Matt Willis tasted chart success outside Busted for the first time in 2006, as "Up All Night" reached number 7. Cherise Roberts and Nadia Shepherd charted under the name Booty Luv, having previously recorded hit singles as part of Big Brovaz.

Nicole Scherzinger of The Pussycat Dolls collaborated with P. Diddy on "Come to Me" in 2006.

===Songs from films===
Original songs from various films entered the top 10 throughout the year. These included "Breaking Free" (from High School Musical), "You Know My Name" (Casino Royale), and "Friday Night" (Night at the Museum). "Check on It" was also recorded for The Pink Panther but never made the soundtrack.

===Charity singles===
A number of singles recorded for charity reached the top 10 in the charts in 2006. The Sport Relief single was the double-A side "Don't Stop Me Now" (a cover of the Queen song) and "Please, Please" by McFly, peaking at number on one 29 July 2006.

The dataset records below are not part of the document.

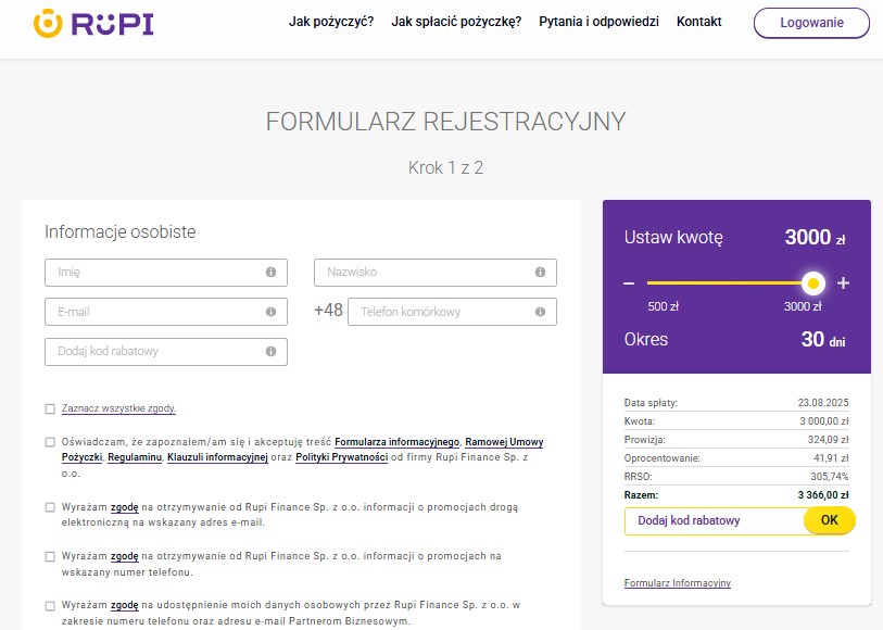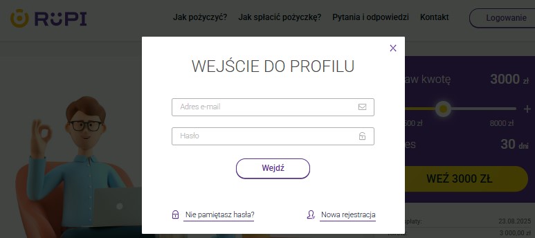 Rejestracja w Rupi – szybki wniosek o pożyczkę online
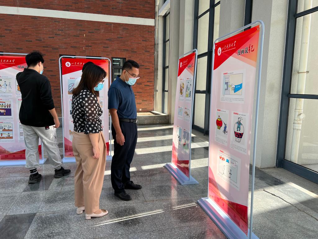 本次展览地点位于逸夫讲堂西门厅,展览共展出漫画143幅,分26个展板,以漫画的形式对《中国共产党纪律处分条例》内容逐条进行解读。公司师生在形象生动的漫画前驻足观看,交流心得,在学习放松的过程中通过一幅幅漫画图片学习党纪党规内容,体悟党风廉政建设要求。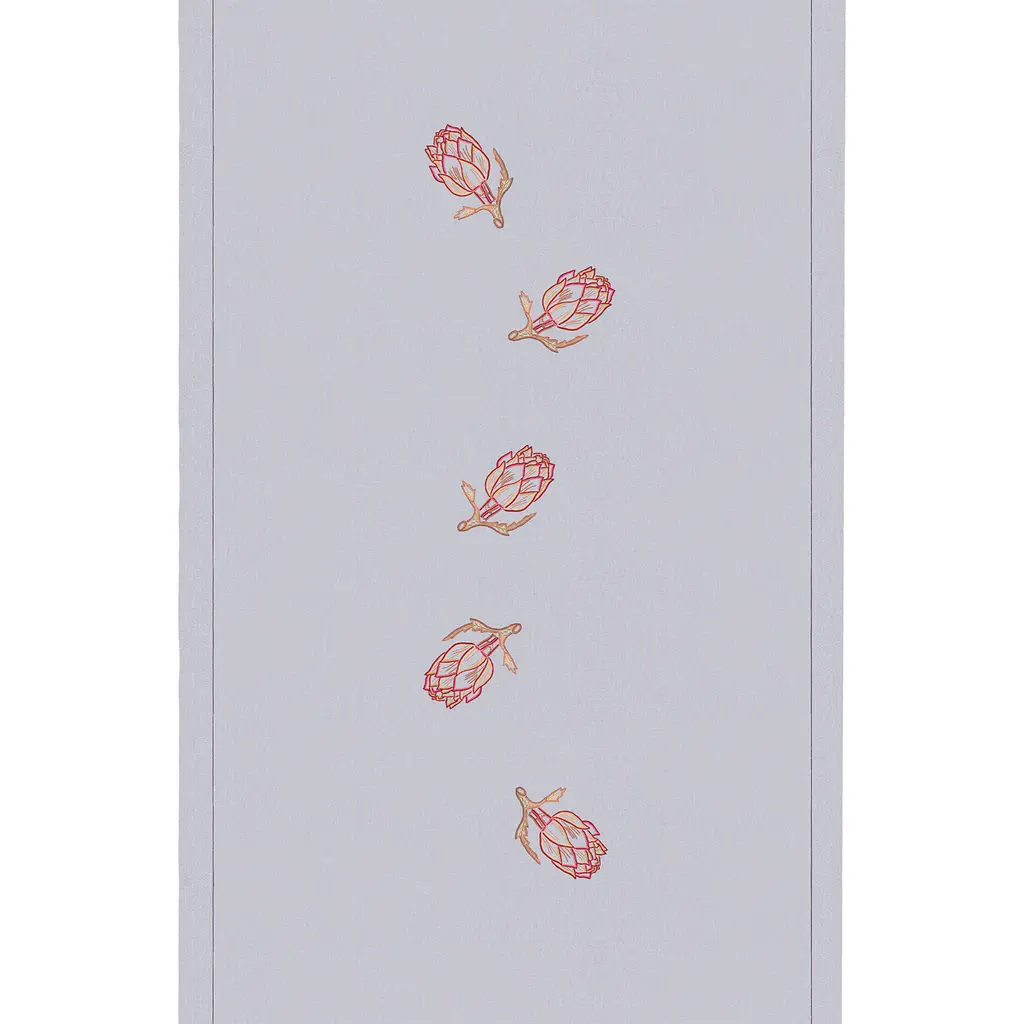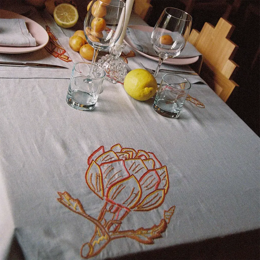 Hand-embroidered with open hems, our linen tablecloths provide the perfect backdrop for anysetting. With each motif taking fourteen hours to complete, and each meter of open hem two hours toprepare, the artistry behind each design is significant. Style with contrasting-coloured ceramics anddelicate floral arrangements for a chic, maximalist aesthetic.The striking silhouette of the artichoke has inspired this collection, with its form outlined in a delightfully embroidered motif. Celebrating the beautiful aesthetic of the delicacy, the decorative details bring a tasteful elegance to each of the four colourways.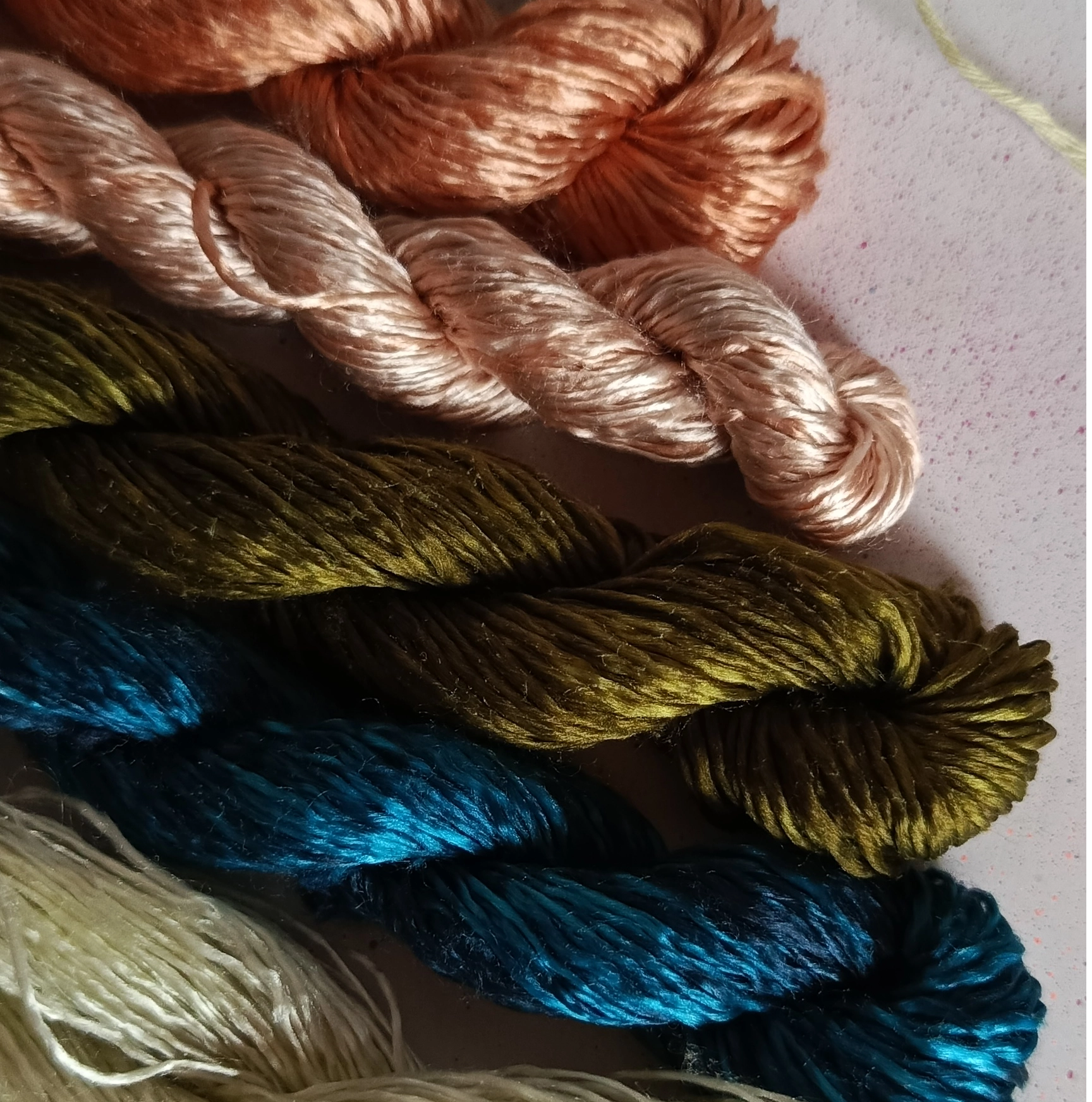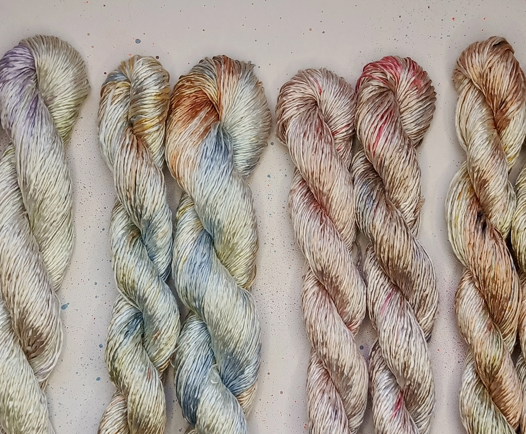 Hilos de seda 100% natural colombiana, con brillo y suavidad únicos. Perfectos para tejidos elegantes y sofisticados con un acabado delicado y resistente.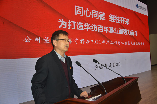 盛守祥在题为《同心同德,继往开来——为打造百年华纺基业而努力奋斗》的年度工作报中总结到,2021年是公司重要的转折点,在公司十年规划的开局之年,公司完成了整体搬迁,建成了智能制造5G工业园示范区,智能化、信息化水平显著提高,现代企业特征进一步凸显。在外部环境异常艰难的情况下,公司全体员工合力奋进,公司保持了安全、稳健发展。面对未来发展,他在报告中谈到,公司将继续坚持“一体两翼”的发展布局,以党建为引领,以卓越绩效和精益生产为管理主线,推进多元创新,“华纺是世界的,世界是华纺的”,在45年发展积淀基础上,推动华纺事业沿着高质量方向阔步迈进。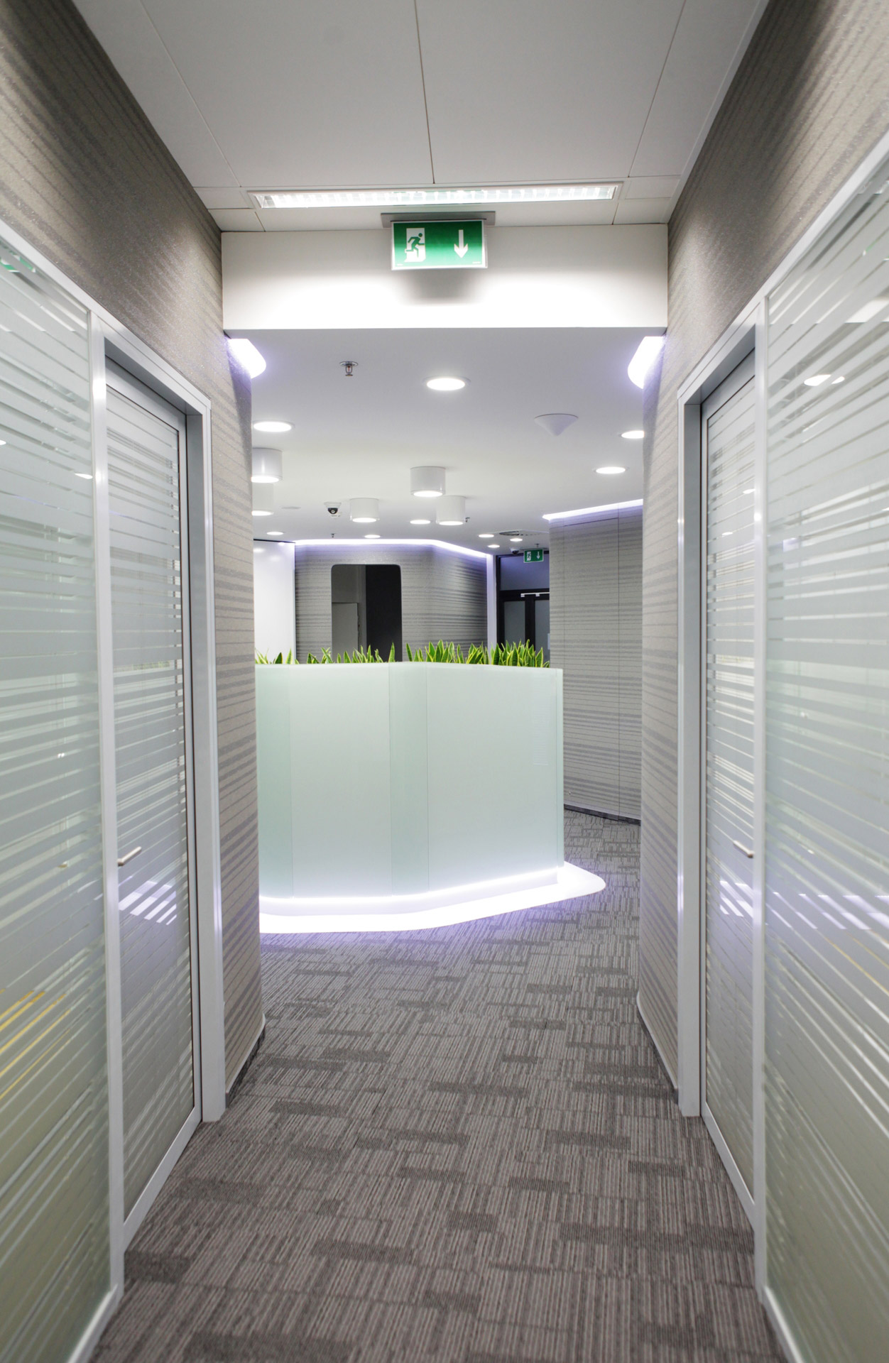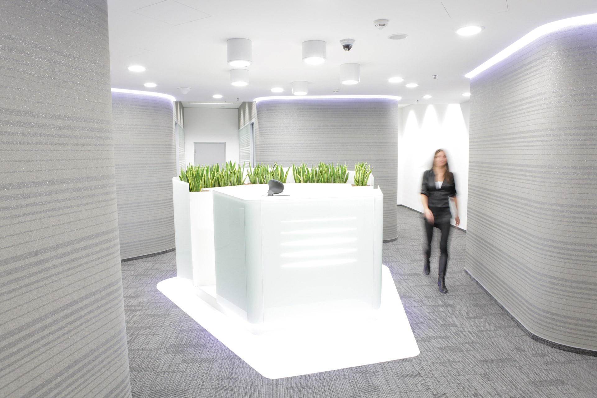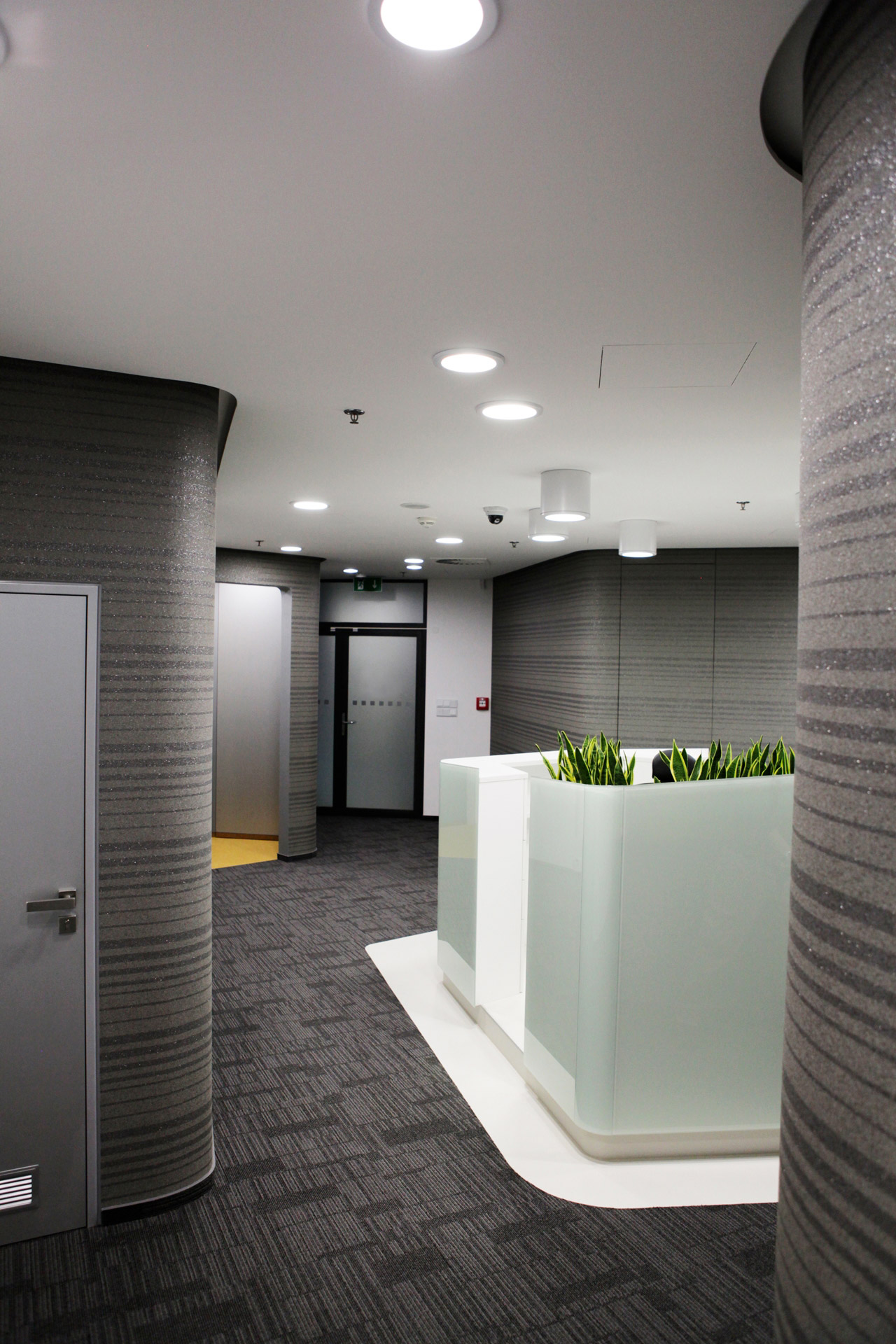 Na dispozici společných komunikačních prostorů (chodba s výtahy a schodišti) navazuje v námi řešeném, jihozápadním, křídle vstupní prostor. Jedná se o halu se solitérně pojatou, skleněným obalem obepnutou, recepcí uprostřed a zálivem se sezením pro návštěvy. Odtud lze pokračovat do prostoru s toaletami, místnosti s kuchyňkou nebo komory se serverem. Dvě komunikace vedoucí z haly hlouběji do křídla objektu řeší rozdělení podlaží na část se zasedacími místnostmi a kancelářskou zónu, přičemž dvě zasedací místnosti jsou situované v těsné blízkosti vstupní haly. Obě komunikace ústí do velkoprostorové kanceláře, kde jsme navrhli přístup do dalších tří menších, oddělených kanceláří.
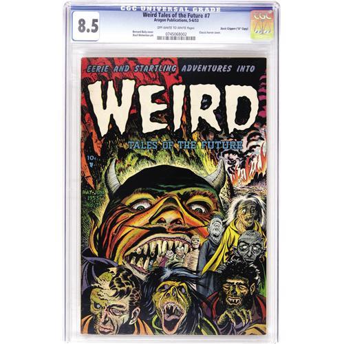 <B>Weird Tales of the Future #7 Davis Crippen ("D" Copy) pedigree (Aragon, 1953) CGC VF+ 8.5 Off-white to white pages.</B></I> One of the all-time great pre-Code horror covers is this Bernard Baily effort! This issue includes the intriguing story "The Mind Movers" with the art to Basil Wolverton's "Brain Bats of Venus" from <B>Mister Mystery</B></I> #7 which was cut apart, pasted up, partially redrawn, and rewritten. Overstreet 2006 VF 8.0 value = $744; VF/NM 9.0 value = $1,172. CGC census 6/06: 2 in 8.5, 2 higher. <I>From the Crippen Collection.</B></I> <BR><BR><B>Important notice:</B> Heritage usually auctions material at the rate of 200-250 lots per hour. On some occasions eBay Live bid software or the Internet may not be able to keep up with the pace of the auction. We recommend placing a realistic absentee bid now as insurance to avoid disappointment. Occasionally the auctioneer may eliminate or reject an eBay Live bid, and the auctioneer may also reopen a lot after the close of the eBay live bidding (usually because we missed an audience bid), and may reject your bid even if it shows you as the winning bidder. By bidding via eBay Live, you agree that Heritage may award the lot to another bidder at its sole discretion under the circumstances described above or any other reasonable circumstances. Since eBay bids are not shown to us until we open the lot on the floor, we treat those bids just like floor bids. In most cases the floor responds before the eBay bid is presented to us, due to Internet lag time, so for consistency we have made it a policy that floor bids are always considered first over tie eBay live bids. Also please note that all Heritage lots purchased through eBay Live carry a 22.5% Buyer's Premium. Please make sure you read the Terms and Conditions before you bid. This lot is being auctioned in conjunction with a live floor auction by Heritage Auction Galleries. All final auction and invoice information will be supplied by Heritage Auction Galleries, and all other information should be considered preliminary. Lot:41001 <BR><BR><B>Winning Notification and Billing:</B> After the FINAL session in this auction is complete, Heritage will send e-mail and snail mail invoices. This process normally takes several days. All final auction and invoice information will be supplied by Heritage Auction Galleries, and all other information should be considered preliminary. <BR><BR>This auction will be conducted on a live auction floor and over the Internet through eBay Live. If you choose to place an absentee bid, please take a moment to <font color='#0000ff'><u><a href='http://pages.ebay.com/liveauctions/help/before/laabsentee.html'>learn how eBay Live absentee bidding works</a></u></font><font color='#000000'>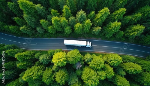 © Vadym, Naklejka premium White truck drives on asphalt road through lush green forest. Aerial view shows modern transport on path between dense trees. Eco friendly logistics, sustainable journey, freight service.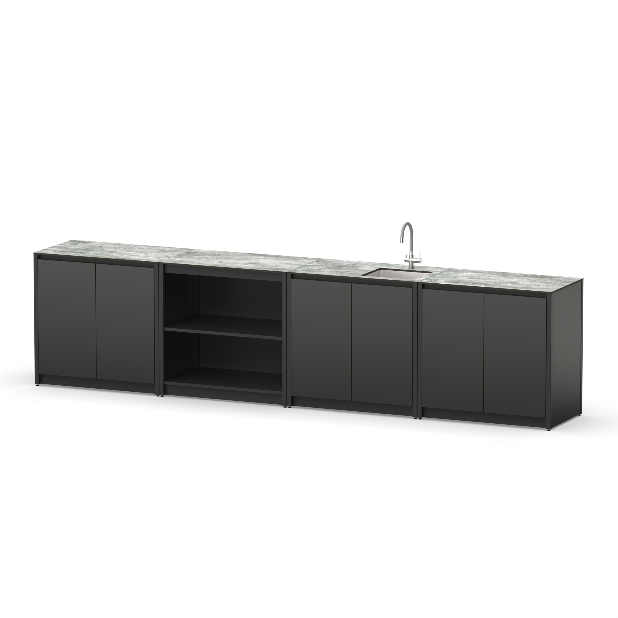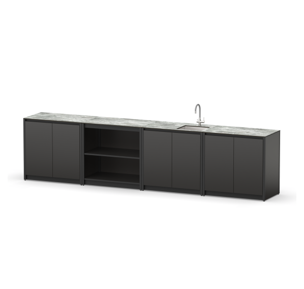 Уличная металлическая кухня из четырех модулей со столешницей, дверцами, мойкой и полками для дачи и дома.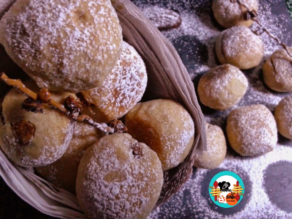 6.- Precalentamos el horno a 180º C. Colocamos los bocaditos en una fuente para horno, cubierta con papel sulfurizado. Horneamos 15 minutos. Las retiramos del horno Dejamos templar, espolvoreamos con azúcar glas.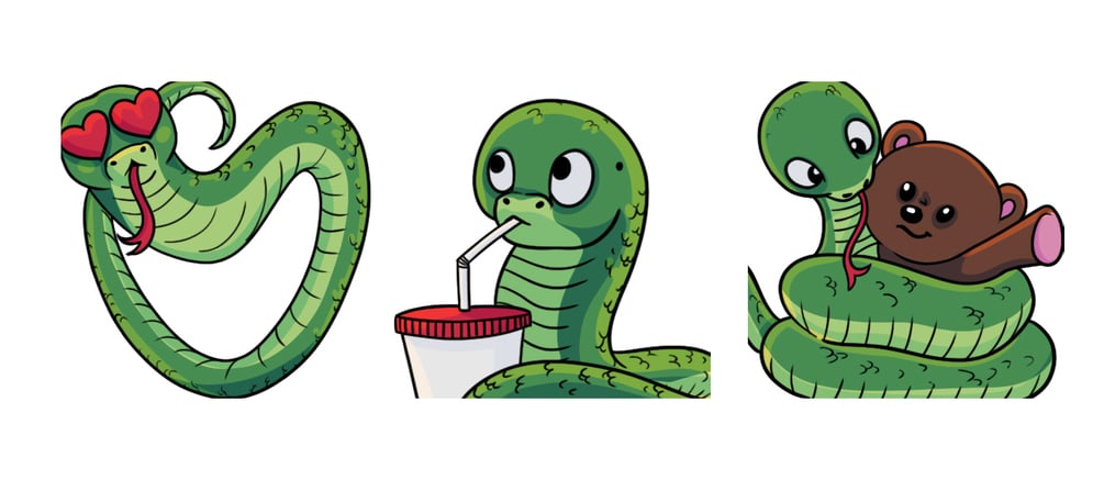 6x Lined, Coloured and Shaded Snake Emotes.

Emma Bunton recorded the Children in Need single for 2006, a cover of the Petula Clark song "Downtown". It was the eighth solo top 10 single of her career and reached number three on 2 December 2006.

U2 and Green Day produced the single "The Saints Are Coming", in aid of relief efforts following Hurricane Katrina, which caused destruction and devastation especially in New Orleans but also across the United States. It peaked at number two on its second week of release, on 18 November 2006.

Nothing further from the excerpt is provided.